(Collection entries)
+++
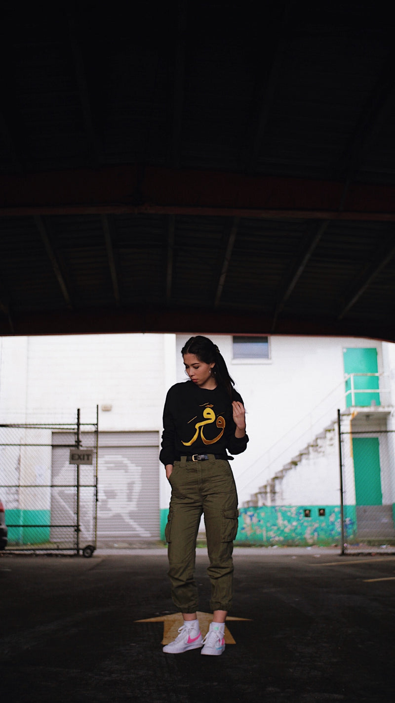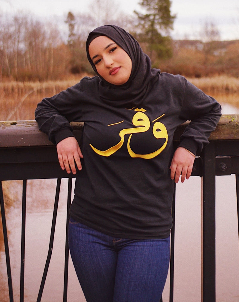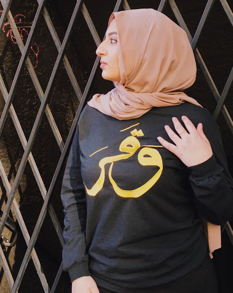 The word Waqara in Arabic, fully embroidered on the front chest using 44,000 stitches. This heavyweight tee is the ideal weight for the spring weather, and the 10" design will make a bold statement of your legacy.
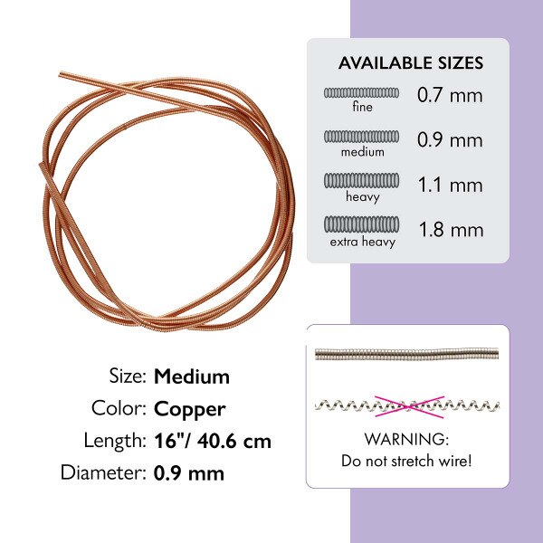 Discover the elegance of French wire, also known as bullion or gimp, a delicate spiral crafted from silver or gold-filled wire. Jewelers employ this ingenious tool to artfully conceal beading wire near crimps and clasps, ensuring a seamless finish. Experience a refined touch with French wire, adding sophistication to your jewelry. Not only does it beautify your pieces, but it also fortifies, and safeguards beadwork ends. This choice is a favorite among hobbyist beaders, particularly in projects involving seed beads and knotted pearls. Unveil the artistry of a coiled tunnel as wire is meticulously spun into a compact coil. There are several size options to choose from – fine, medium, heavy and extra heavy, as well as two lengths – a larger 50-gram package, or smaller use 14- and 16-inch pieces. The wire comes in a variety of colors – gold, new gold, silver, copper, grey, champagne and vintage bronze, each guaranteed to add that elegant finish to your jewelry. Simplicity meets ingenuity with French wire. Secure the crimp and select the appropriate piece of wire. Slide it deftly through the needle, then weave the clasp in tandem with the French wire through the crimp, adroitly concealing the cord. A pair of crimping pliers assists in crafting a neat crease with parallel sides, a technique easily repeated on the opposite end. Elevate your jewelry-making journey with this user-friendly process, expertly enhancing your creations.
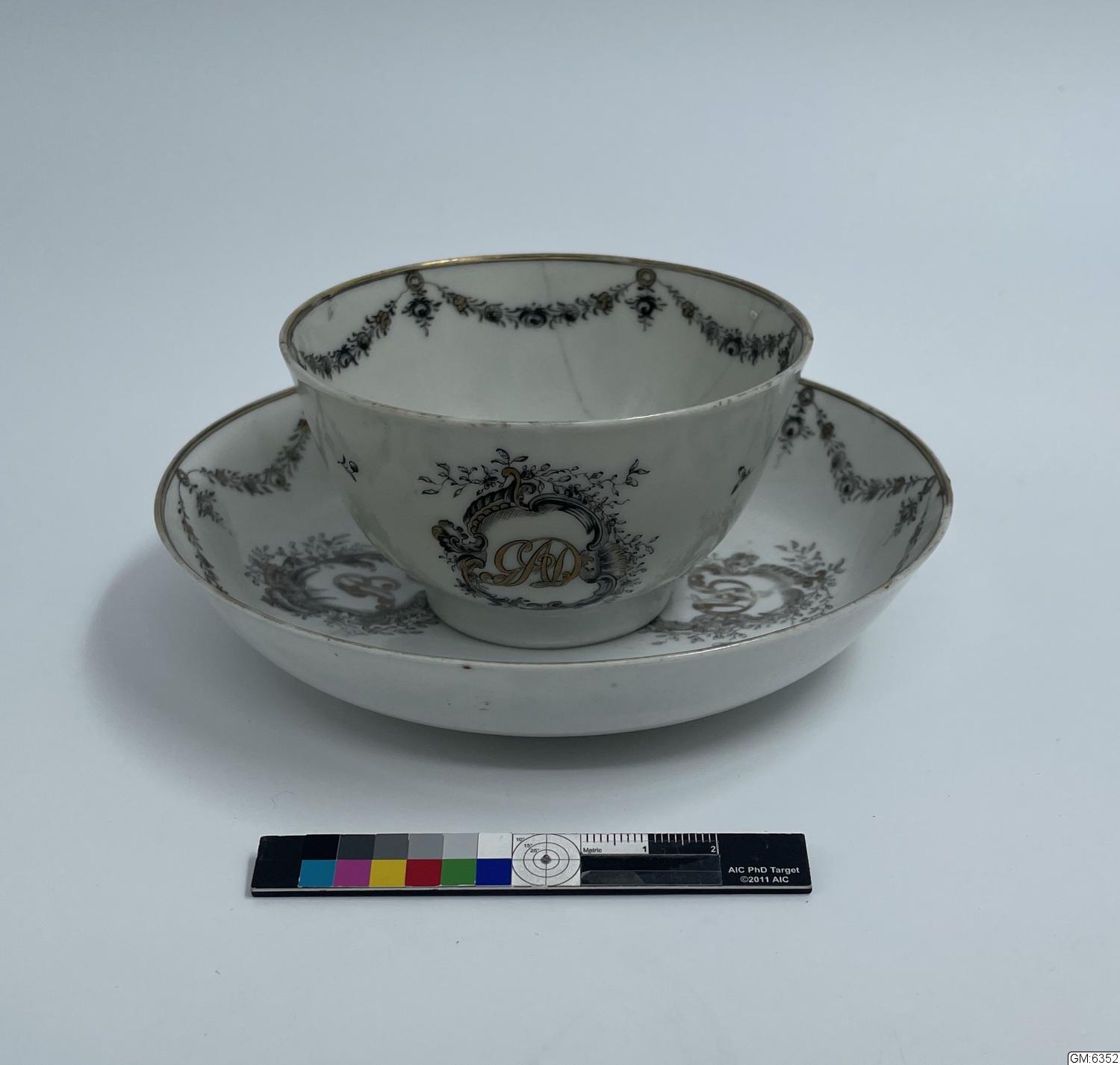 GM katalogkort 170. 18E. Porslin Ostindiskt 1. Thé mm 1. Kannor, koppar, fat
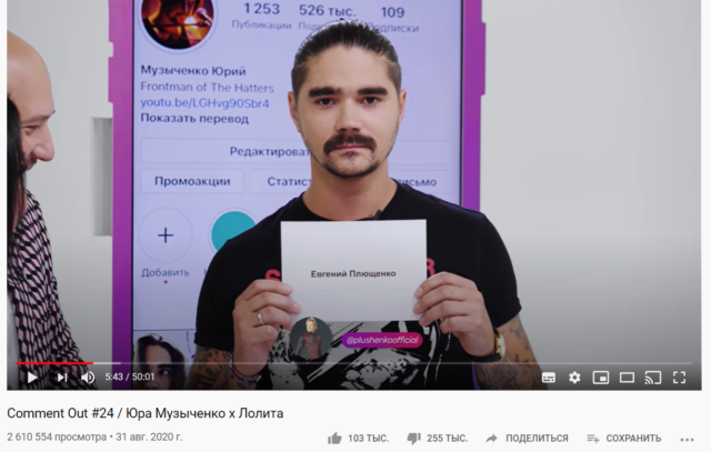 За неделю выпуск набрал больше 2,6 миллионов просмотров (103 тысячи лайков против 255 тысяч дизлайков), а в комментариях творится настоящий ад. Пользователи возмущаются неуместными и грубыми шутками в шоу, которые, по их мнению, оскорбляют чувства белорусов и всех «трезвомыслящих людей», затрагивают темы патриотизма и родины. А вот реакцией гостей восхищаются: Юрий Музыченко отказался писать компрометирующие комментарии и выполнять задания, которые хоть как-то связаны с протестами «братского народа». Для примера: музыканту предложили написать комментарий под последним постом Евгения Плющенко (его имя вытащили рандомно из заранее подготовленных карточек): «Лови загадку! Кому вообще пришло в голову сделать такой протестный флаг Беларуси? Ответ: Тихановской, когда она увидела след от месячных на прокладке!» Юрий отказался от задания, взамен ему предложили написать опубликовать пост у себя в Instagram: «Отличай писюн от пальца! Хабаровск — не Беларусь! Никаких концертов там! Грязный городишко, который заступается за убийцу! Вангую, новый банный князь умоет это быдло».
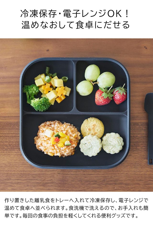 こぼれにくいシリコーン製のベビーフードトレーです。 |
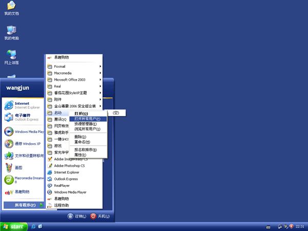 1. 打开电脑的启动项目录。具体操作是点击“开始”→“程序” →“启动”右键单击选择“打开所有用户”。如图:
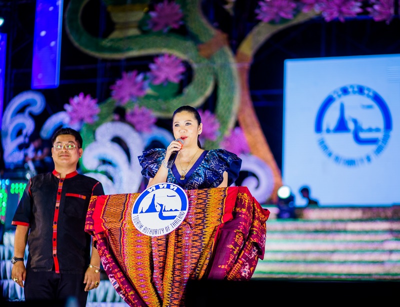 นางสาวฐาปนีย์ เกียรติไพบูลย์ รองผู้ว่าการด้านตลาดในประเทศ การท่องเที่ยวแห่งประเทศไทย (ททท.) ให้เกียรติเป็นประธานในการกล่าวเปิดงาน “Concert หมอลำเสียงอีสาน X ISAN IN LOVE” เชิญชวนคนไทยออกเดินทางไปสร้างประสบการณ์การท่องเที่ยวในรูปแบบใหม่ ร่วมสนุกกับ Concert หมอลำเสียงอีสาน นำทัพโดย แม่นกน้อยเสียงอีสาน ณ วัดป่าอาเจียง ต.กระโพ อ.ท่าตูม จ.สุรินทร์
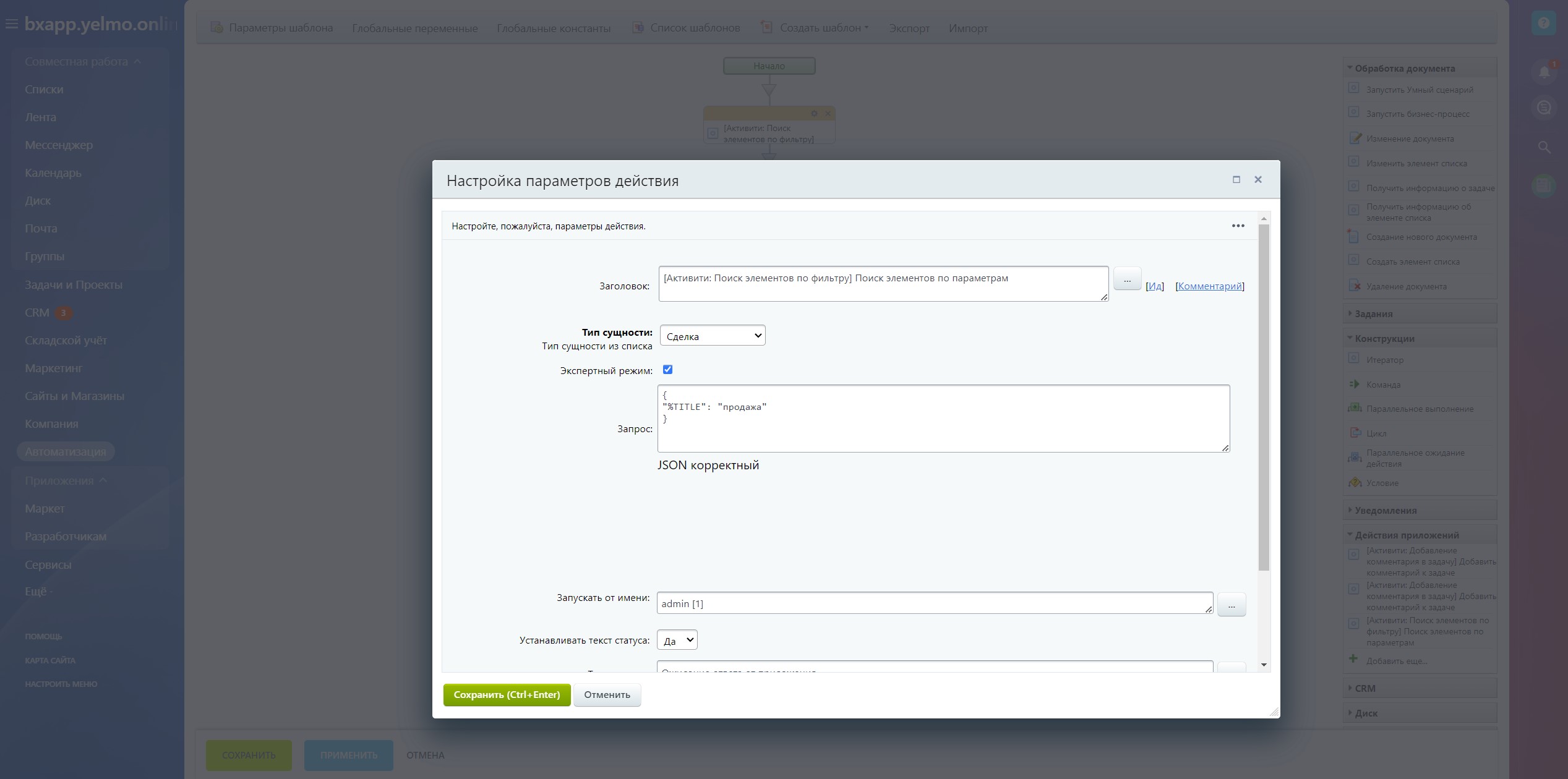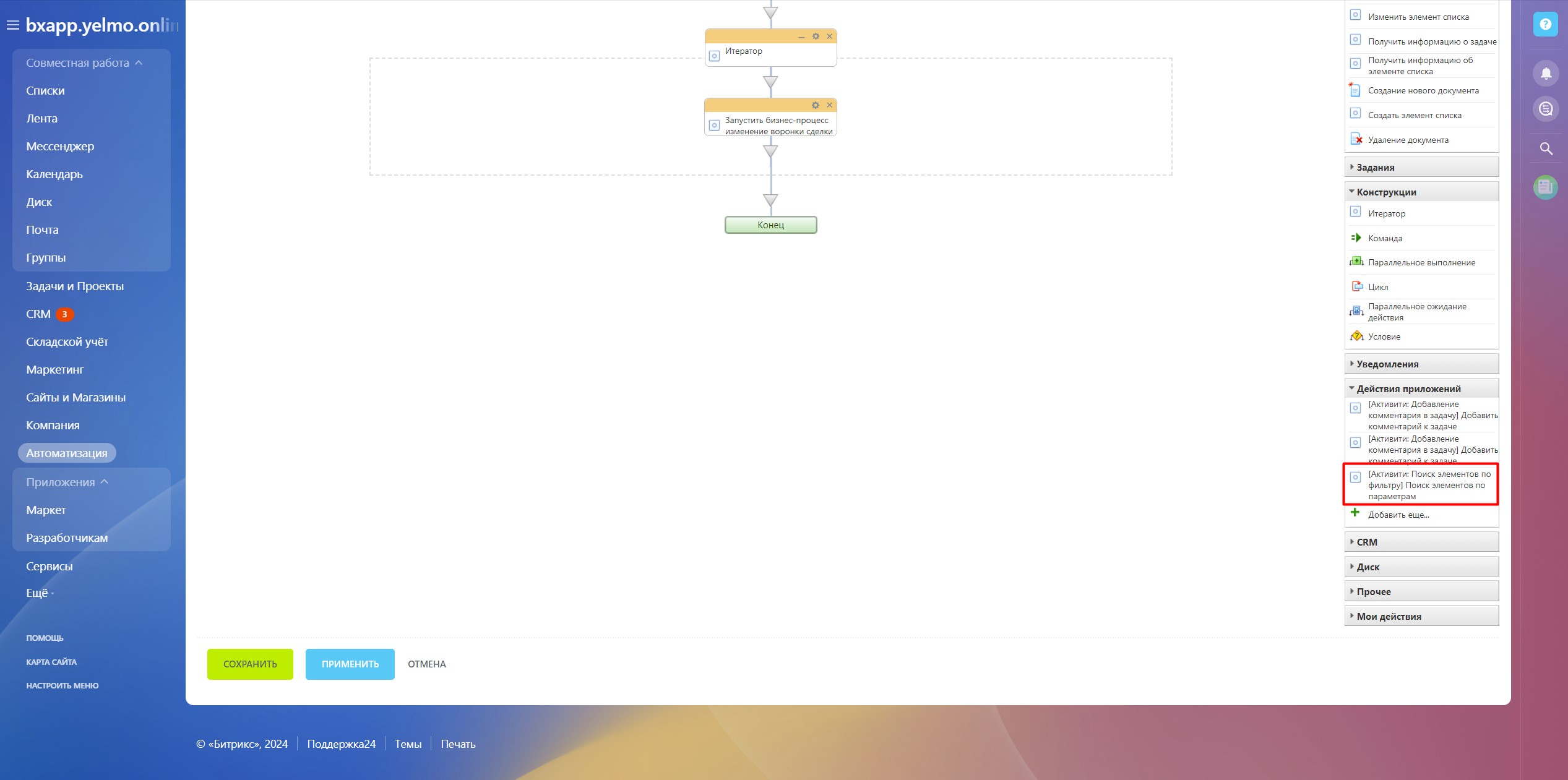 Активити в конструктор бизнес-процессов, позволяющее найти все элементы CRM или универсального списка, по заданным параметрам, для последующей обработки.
+++
Assigned task: The data above should be restated exactly, with its images dropped.

Answer to the problem:
 The word Waqara in Arabic, fully embroidered on the front chest using 44,000 stitches. This heavyweight tee is the ideal weight for the spring weather, and the 10" design will make a bold statement of your legacy.
 Discover the elegance of French wire, also known as bullion or gimp, a delicate spiral crafted from silver or gold-filled wire. Jewelers employ this ingenious tool to artfully conceal beading wire near crimps and clasps, ensuring a seamless finish. Experience a refined touch with French wire, adding sophistication to your jewelry. Not only does it beautify your pieces, but it also fortifies, and safeguards beadwork ends. This choice is a favorite among hobbyist beaders, particularly in projects involving seed beads and knotted pearls. Unveil the artistry of a coiled tunnel as wire is meticulously spun into a compact coil. There are several size options to choose from – fine, medium, heavy and extra heavy, as well as two lengths – a larger 50-gram package, or smaller use 14- and 16-inch pieces. The wire comes in a variety of colors – gold, new gold, silver, copper, grey, champagne and vintage bronze, each guaranteed to add that elegant finish to your jewelry. Simplicity meets ingenuity with French wire. Secure the crimp and select the appropriate piece of wire. Slide it deftly through the needle, then weave the clasp in tandem with the French wire through the crimp, adroitly concealing the cord. A pair of crimping pliers assists in crafting a neat crease with parallel sides, a technique easily repeated on the opposite end. Elevate your jewelry-making journey with this user-friendly process, expertly enhancing your creations.
 GM katalogkort 170. 18E. Porslin Ostindiskt 1. Thé mm 1. Kannor, koppar, fat
 За неделю выпуск набрал больше 2,6 миллионов просмотров (103 тысячи лайков против 255 тысяч дизлайков), а в комментариях творится настоящий ад. Пользователи возмущаются неуместными и грубыми шутками в шоу, которые, по их мнению, оскорбляют чувства белорусов и всех «трезвомыслящих людей», затрагивают темы патриотизма и родины. А вот реакцией гостей восхищаются: Юрий Музыченко отказался писать компрометирующие комментарии и выполнять задания, которые хоть как-то связаны с протестами «братского народа». Для примера: музыканту предложили написать комментарий под последним постом Евгения Плющенко (его имя вытащили рандомно из заранее подготовленных карточек): «Лови загадку! Кому вообще пришло в голову сделать такой протестный флаг Беларуси? Ответ: Тихановской, когда она увидела след от месячных на прокладке!» Юрий отказался от задания, взамен ему предложили написать опубликовать пост у себя в Instagram: «Отличай писюн от пальца! Хабаровск — не Беларусь! Никаких концертов там! Грязный городишко, который заступается за убийцу! Вангую, новый банный князь умоет это быдло».
 こぼれにくいシリコーン製のベビーフードトレーです。 |
 1. 打开电脑的启动项目录。具体操作是点击“开始”→“程序” →“启动”右键单击选择“打开所有用户”。如图:
 นางสาวฐาปนีย์ เกียรติไพบูลย์ รองผู้ว่าการด้านตลาดในประเทศ การท่องเที่ยวแห่งประเทศไทย (ททท.) ให้เกียรติเป็นประธานในการกล่าวเปิดงาน “Concert หมอลำเสียงอีสาน X ISAN IN LOVE” เชิญชวนคนไทยออกเดินทางไปสร้างประสบการณ์การท่องเที่ยวในรูปแบบใหม่ ร่วมสนุกกับ Concert หมอลำเสียงอีสาน นำทัพโดย แม่นกน้อยเสียงอีสาน ณ วัดป่าอาเจียง ต.กระโพ อ.ท่าตูม จ.สุรินทร์
 Активити в конструктор бизнес-процессов, позволяющее найти все элементы CRM или универсального списка, по заданным параметрам, для последующей обработки.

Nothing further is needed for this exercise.